Even Thomas knew how much Mr. Carson enjoyed cricket. The annual match between the house and the village had been one of the few points where their interests intersected and where Thomas, as the star player, won the older man's unqualified approval. Life in service did, indeed, make anything but reading about local matches almost impossible. And yet, as before, it struck Thomas that Mr. Carson was as pleased by the invitation itself as by the prospect of an afternoon of cricket.
Thomas retreated across the Great Hall, moving almost without thinking about it toward the servants' stairs. Information was valuable and Thomas had learned a few things in these several minutes, but he could not spend all day lurking outside the door and he wanted to think about what he'd heard. The image of Mr. Carson and Alfred in the dining room returned to his mind, but ... it didn't seem like quite the right fit. There was some other scene to which he'd been privy, something more recent, that better reflected the dynamic between the two men, but he couldn't quite call it to mind.

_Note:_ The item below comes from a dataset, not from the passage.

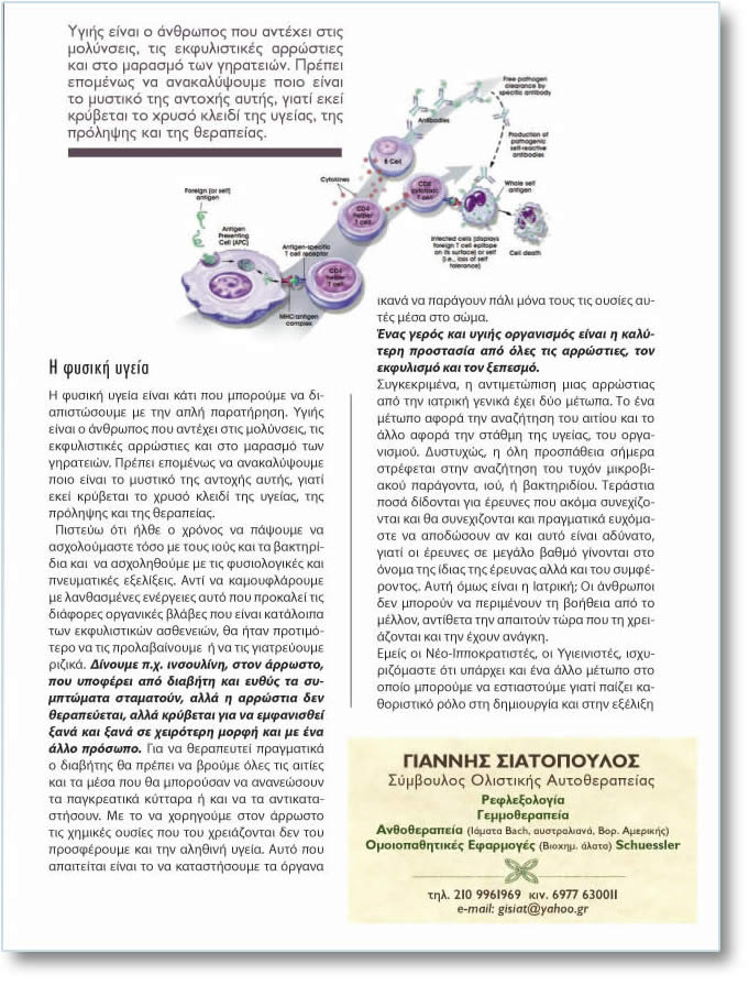 Ç öõóéêÞ õãåßá. Ç öõóéêÞ õãåßá åßíáé êÜôé ðïõ ìðïñïýìå íá äéáðéóôþóïõìå ìå ôçí áðëÞ ðáñáôÞñçóç. ÕãéÞò åßíáé ï Üíèñùðïò ðïõ áíôÝ÷åé óôéò ìïëýíóåéò, ôéò åêöõëéóôéêÝò áññþóôéåò êáé óôï ìáñáóìü ôùí ãçñáôåéþí. ÐñÝðåé åðïìÝíùò íá áíáêáëýøïõìå ðïéï åßíáé ôï ìõóôéêü ôçò áíôï÷Þò áõôÞò, ãéáôß åêåß êñýâåôáé ôï ÷ñõóü êëåéäß ôçò õãåßáò, ôçò ðñüëçøçò êáé ôçò èåñáðåßáò. Ðéóôåýù üôé Þëèå ï ÷ñüíïò íá ðÜøïõìå íá áó÷ïëïýìáóôå ôüóï ìå ôïõò éïýò êáé ôá âáêôçñßäéá êáé íá áó÷ïëçèïýìå ìå ôéò öõóéïëïãéêÝò êáé ðíåõìáôéêÝò åîåëßîåéò. Áíôß íá êáìïõöëÜñïõìå ìå ëáíèáóìÝíåò åíÝñãåéåò áõôü ðïõ ðñïêáëåß ôéò äéÜöïñåò ïñãáíéêÝò âëÜâåò ðïõ åßíáé êáôÜëïéðá ôùí åêöõëéóôéêþí áóèåíåéþí, èá Þôáí ðñïôéìüôåñï íá ôéò ðñïëáâáßíïõìå Þ íá ôéò ãéáôñåýïõìå ñéæéêÜ. Äßíïõìå ð. ÷. éíóïõëßíç, óôïí Üññùóôï, ðïõ õðïöÝñåé áðü äéáâÞôç êáé åõèýò ôá óõìðôþìáôá óôáìáôïýí, áëëÜ ç áññþóôéá äåí èåñáðåýåôáé, áëëÜ êñýâåôáé ãéá íá åìöáíéóèåß îáíÜ êáé îáíÜ óå ÷åéñüôåñç ìïñöÞ êáé ìå Ýíá Üëëï ðñüóùðï. Ãéá íá èåñáðåõôåß ðñáãìáôéêÜ ï äéáâÞôçò èá ðñÝðåé íá âñïýìå üëåò ôéò áéôßåò êáé ôá ìÝóá ðïõ èá ìðïñïýóáí íá áíáíåþóïõí ôá ðáãêñåáôéêÜ êýôôáñá Þ êáé íá ôá áíôéêáôáóôÞóïõí. Ìå ôï íá ÷ïñçãïýìå óôïí Üññùóôï ôéò ÷çìéêÝò ïõóßåò ðïõ ôïõ ÷ñåéÜæïíôáé äåí ôïõ ðñïóöÝñïõìå êáé ôçí áëçèéíÞ õãåßá. Áõôü ðïõ áðáéôåßôáé åßíáé ôï íá êáôáóôÞóïõìå ôá üñãáíá éêáíÜ íá ðáñÜãïõí ðÜëé ìüíá ôïõò ôéò ïõóßåò áõôÝò ìÝóá óôï óþìá. ¸íáò ãåñüò êáé õãéÞò ïñãáíéóìüò åßíáé ç êáëýôåñç ðñïóôáóßá áðü üëåò ôéò áññþóôéåò, ôïí åêöõëéóìü êáé ôïí îåðåóìü. ÓõãêåêñéìÝíá, ç áíôéìåôþðéóç ìéáò áññþóôéáò áðü ôçí éáôñéêÞ ãåíéêÜ Ý÷åé äýï ìÝôùðá. Ôï Ýíá ìÝôùðï áöïñÜ ôçí áíáæÞôçóç ôïõ áéôßïõ êáé ôï Üëëï áöïñÜ ôçí óôÜèìç ôçò õãåßáò, ôïõ ïñãáíéóìïý. Äõóôõ÷þò, ç üëç ðñïóðÜèåéá óÞìåñá óôñÝöåôáé óôçí áíáæÞôçóç ôïõ ôõ÷üí ìéêñïâéáêïý ðáñÜãïíôá, éïý, Þ âáêôçñéäßïõ. ÔåñÜóôéá ðïóÜ äßäïíôáé ãéá Ýñåõíåò ðïõ áêüìá óõíå÷ßæïíôáé êáé èá óõíå÷éæïíôáé êáé ðñáãìáôéêÜ åõ÷üìáóôå íá áðïäþóïõí áí êáé áõôü åßíáé áäýíáôï, ãéáôß ïé Ýñåõíåò óå ìåãÜëï âáèìü ãßíïíôáé óôï üíïìá ôçò ßäéáò ôçò Ýñåõíáò áëëÜ êáé ôïõ óõìöÝñïíôïò. ÁõôÞ üìùò åßíáé ç ÉáôñéêÞ; Ïé Üíèñùðïé äåí ìðïñïýí íá ðåñéìÝíïõí ôç âïÞèåéá áðü ôï ìÝëëïí, áíôßèåôá ôçí áðáéôïýí ôþñá ðïõ ôç ÷ñåéÜæïíôáé êáé ôçí Ý÷ïõí áíÜãêç. Åìåßò ïé ÍÝï-ÉððïêñáôéóôÝò, ïé ÕãéåéíéóôÝò, éó÷õñéæüìáóôå üôé õðÜñ÷åé êáé Ýíá Üëëï ìÝôùðï óôï ïðïßï ìðïñïýìå íá åóôéáóôïýìå ãéáôß ðáßæåé êáèïñéóôéêü ñüëï óôç äçìéïõñãßá êáé óôçí åîÝëéîç ìéáò áññþóôéáò. (ÔÏ ÃÊÑÉÆÏ ÊÅÉÌÅÍÏ ÅÉÍÁÉ Ç ÏËÏÊËÇÑÙÓÇ ÔÇÓ ÐÑÏÔÁÓÇÓ ÓÔÇÍ ÅÐÏÌÅÍÇ ÓÅËÉÄÁ ÔÇÓ ÅÍÔÕÐÇÓ ÅÊÄÏÓÇÓ)

Well, it would come to him.
As he descended the stairs, Thomas came to a resolution. He did not know what possessed Mr. Carson or why. But he would know Mr. Ryder's secrets.
* A/N1: A guest reviewer inquired about the passage of time thus far in the series, and it seemed like a good idea to indicate this overtly. This chapter and the subsequent one take place on Friday August 27, 1926. It is the longest day of a very long episode, but there were many things that needed to be accomplished before Episode 5.
**A/N2. This information about the goblets and Prince Alfred is something that comes up in Enough of That, Chapter 5 The Butler of Downton Abbey. The details about Prince Alfred, apart from his association with Robert's father and the wedding gift to Robert and Cora, are true. And Alanson Houghton's family fortune is the famous Corning Glass Works.